Regelmässige Sichtkontrolle
Ein- bis zweimal pro Jahr visuell kontrollieren: Verschmutzungen, Beschädigungen, lose Kabel, Veränderungen an der Montage. Prüfen Sie auch, ob Bäume gewachsen sind und Schatten werfen.
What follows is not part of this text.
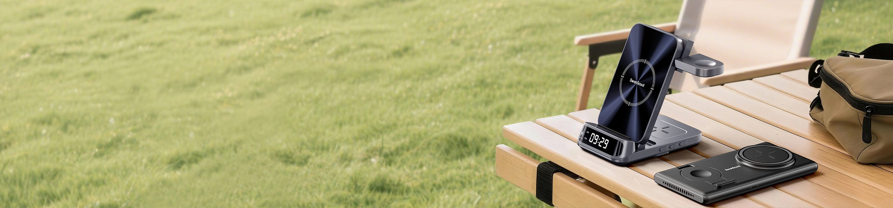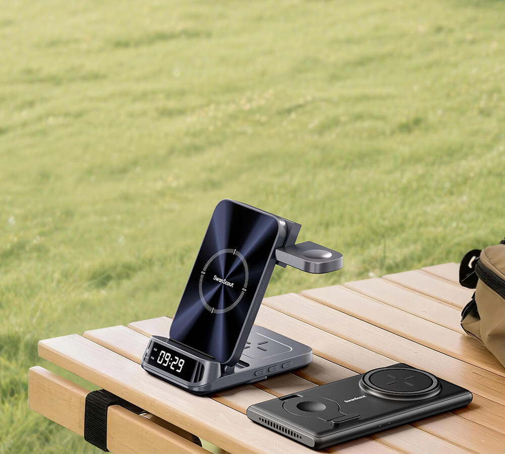 SwanScoutの3-in-1充電ステーションは、スマートフォンとイヤホン部分ではワイヤレス充電規格に対応したSamsung以外のデバイス(一部のiPhoneやAndroidスマートフォン、ワイヤレスイヤホンなど)に対応していますが、ウォッチ部分はGalaxy Watch専用です。磁気充電を使用する場合、Samsungスマートフォンは確実に充電するために磁気ケースを装着する必要があります。

Monitoring der Ertragsdaten
Die wichtigste Wartung ist die regelmässige Überwachung über das Monitoring-Portal. Vergleichen Sie Ist- mit Sollwerten. Ein plötzlicher Einbruch zeigt ein Problem an. Viele Wechselrichter senden automatisch Benachrichtigungen.
Reinigung der Module
Meist reinigen sich Module durch Regen selbst. Professionelle Reinigung nur bei starker Verschmutzung durch Vogelkot, Blütenstaub oder Baustellenstaub. Nie Hochdruckreiniger verwenden.
Wechselrichter-Wartung
Lebensdauer 10 bis 15 Jahre. Austausch nach 12-15 Jahren einplanen. Kosten: CHF 2'000 bis 4'000.
Professionelle Wartung
Alle 3 bis 5 Jahre: Prüfung elektrischer Verbindungen, Modulleistung, Montagestruktur, Wechselrichter. Kosten: CHF 300 bis 600.
Versicherung
Versichern Sie Ihre Anlage gegen Hagel, Sturm, Feuer und Überspannung. Oft über die Gebäudeversicherung abgedeckt. Separate PV-Versicherung: CHF 100 bis 200 pro Jahr.
Fazit
Mit regelmässiger Kontrolle, Monitoring und professioneller Wartung alle paar Jahre funktioniert Ihre Anlage optimal.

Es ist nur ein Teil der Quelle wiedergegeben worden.